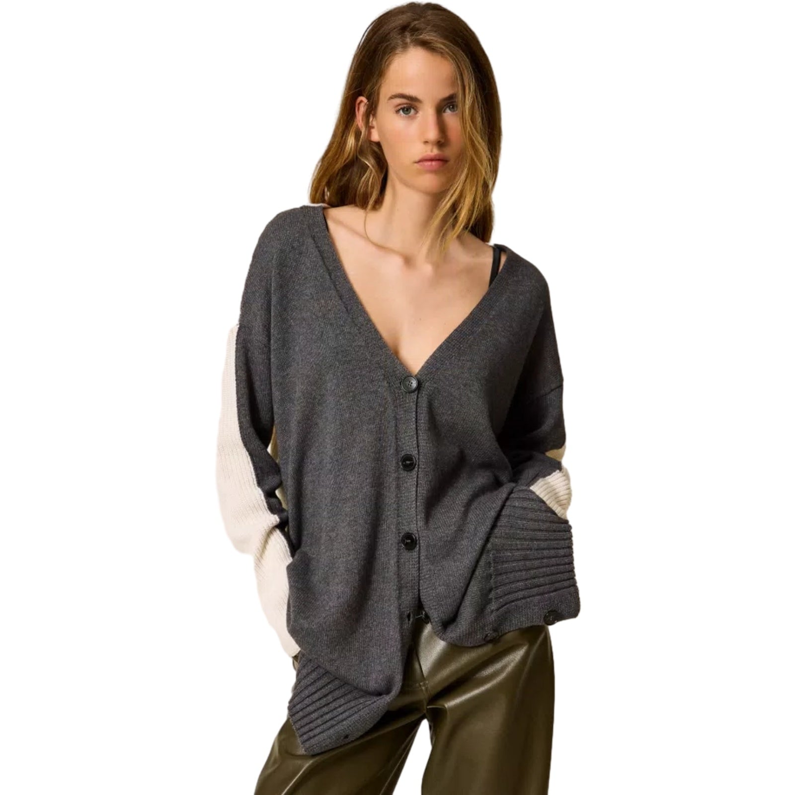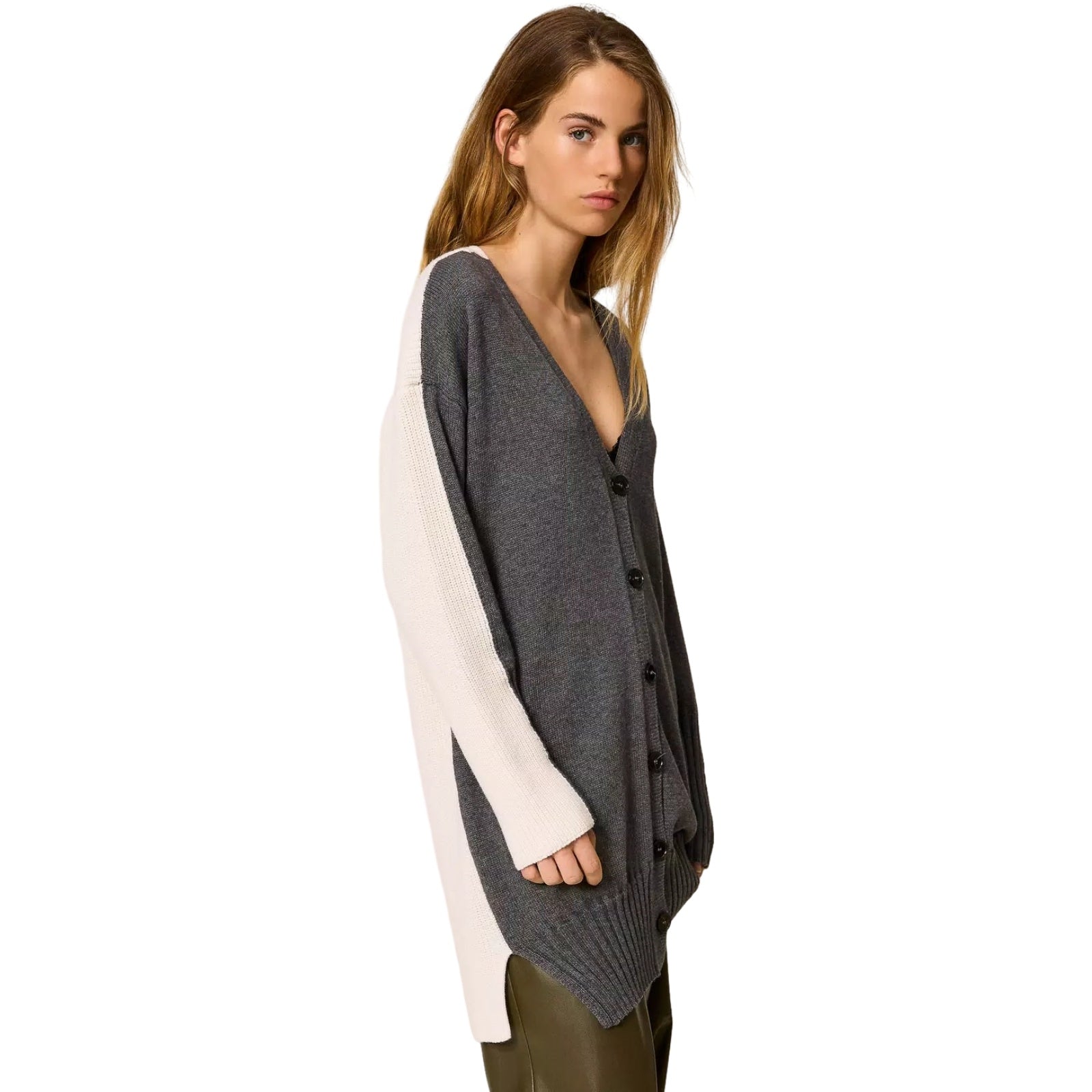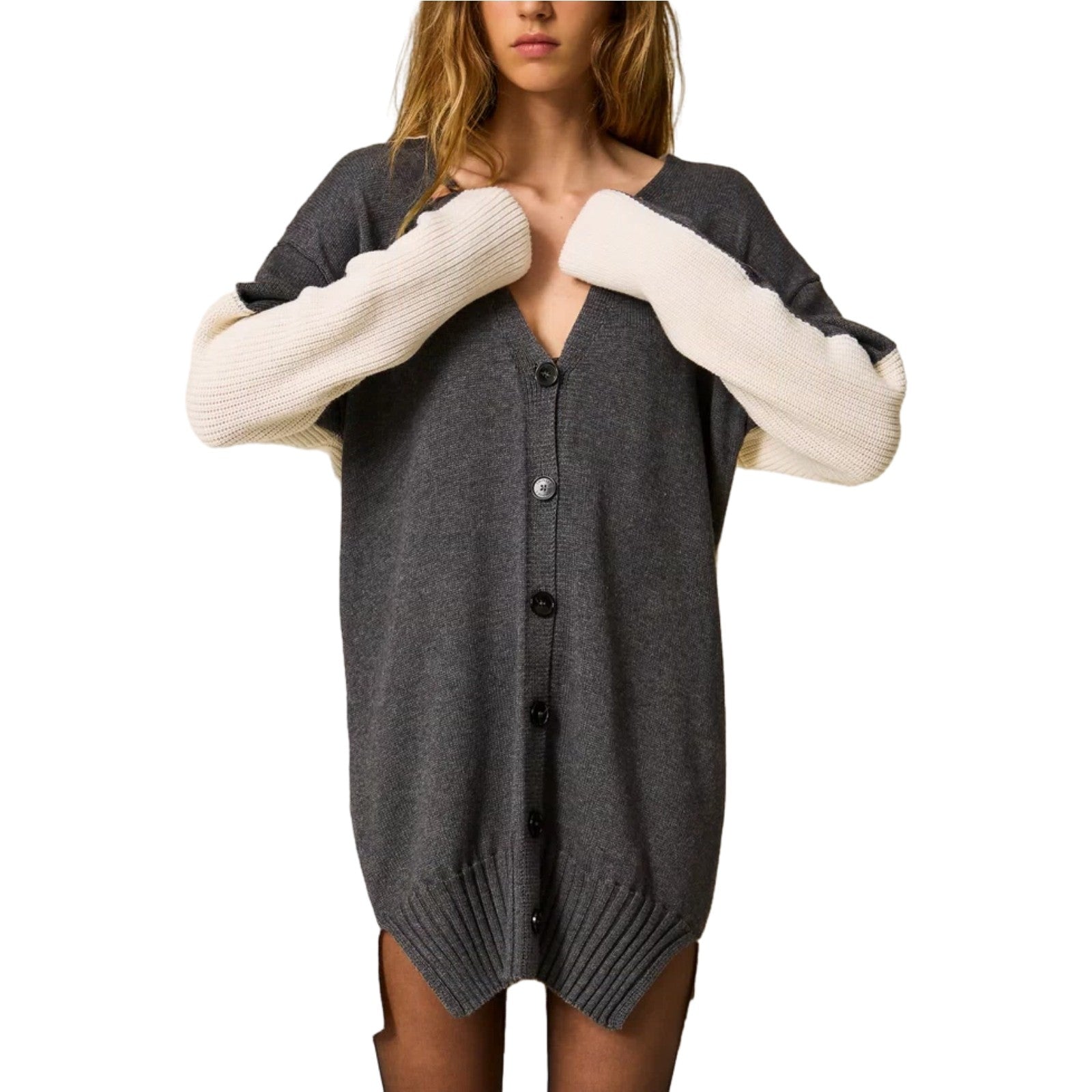 Cardigan Donna Twinset - Maxi Cardigan/Mini Abito Bi-Colore - Grigio
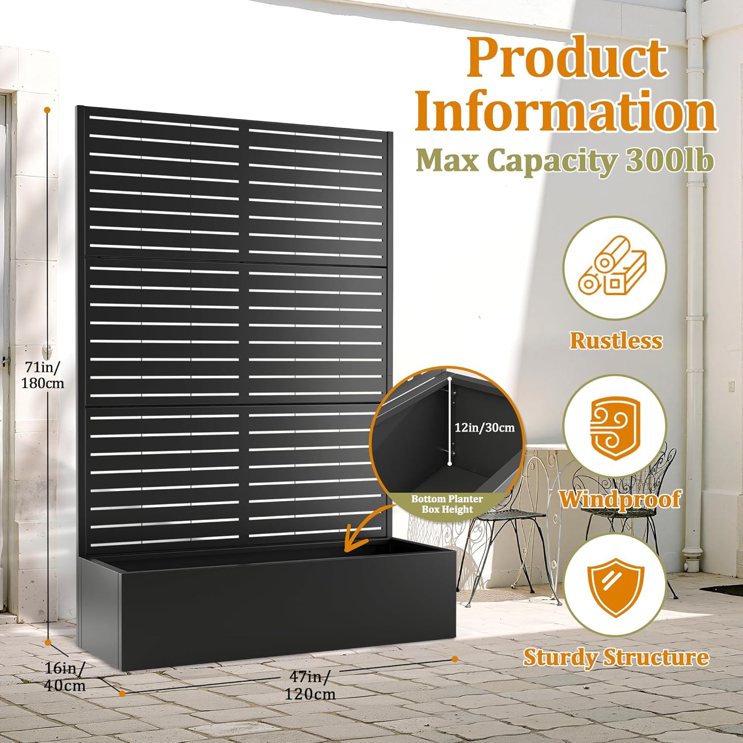 - 🛡️【Outdoor Privacy Screen & Metal Planter Box with Trellis】Use this metal planter box with trellis to create a natural divider on your patio, balcony, or yard. It’s more than just a garden raised bed for climbing plants—it’s also a beautiful metal planter with privacy screen that offers shade and separation. The sleek black frame and vertical lines of this metal planter box with trellis make it both decorative and practical.
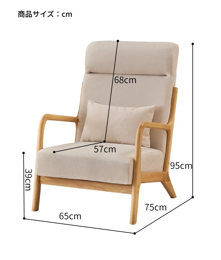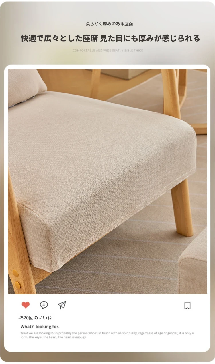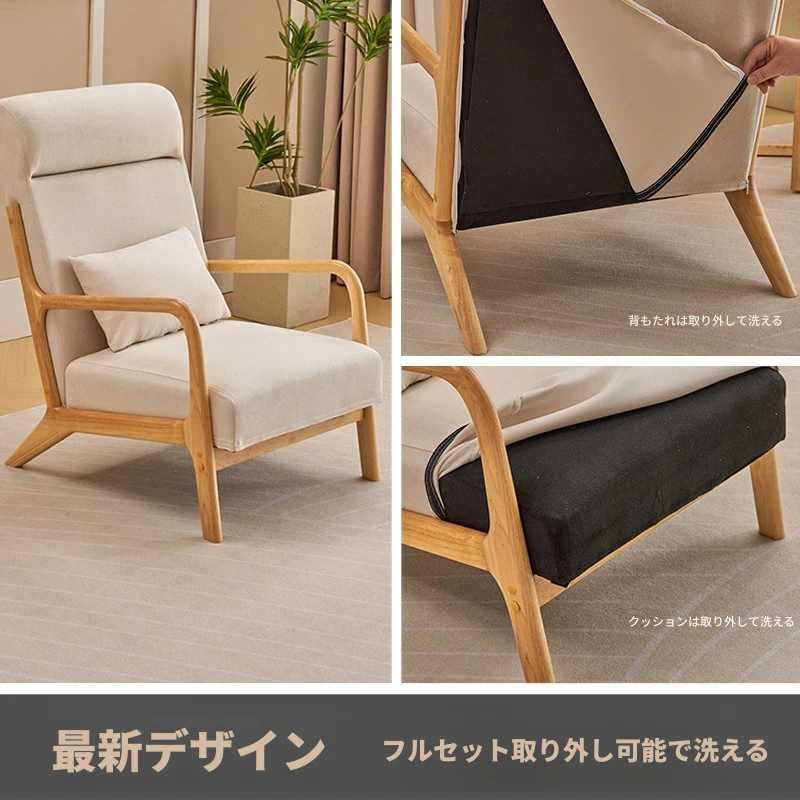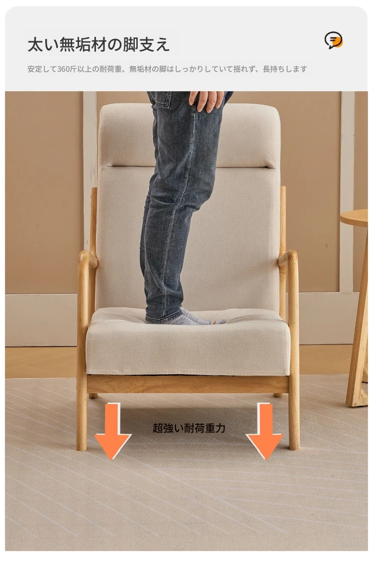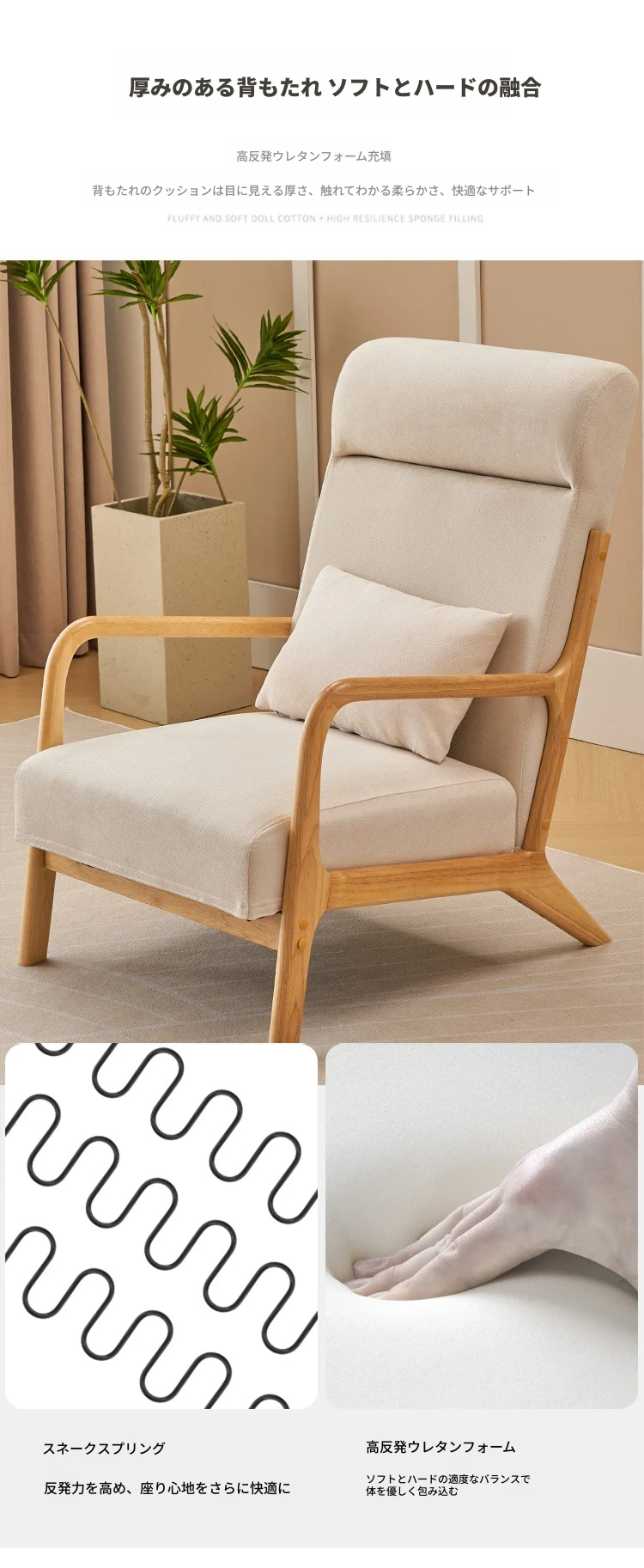 北欧スタイルのリクライニングソファ|バルコニーやリビングに最適なモダンなアームチェア|高い背もたれで快適さ抜群|実木製の小型ソファで、リラックスしたひとときをお楽しみください!

What is required | An exact transcript of the listing is needed, free of pictures.

Result below |
 Cardigan Donna Twinset - Maxi Cardigan/Mini Abito Bi-Colore - Grigio
 - 🛡️【Outdoor Privacy Screen & Metal Planter Box with Trellis】Use this metal planter box with trellis to create a natural divider on your patio, balcony, or yard. It’s more than just a garden raised bed for climbing plants—it’s also a beautiful metal planter with privacy screen that offers shade and separation. The sleek black frame and vertical lines of this metal planter box with trellis make it both decorative and practical.
 北欧スタイルのリクライニングソファ|バルコニーやリビングに最適なモダンなアームチェア|高い背もたれで快適さ抜群|実木製の小型ソファで、リラックスしたひとときをお楽しみください!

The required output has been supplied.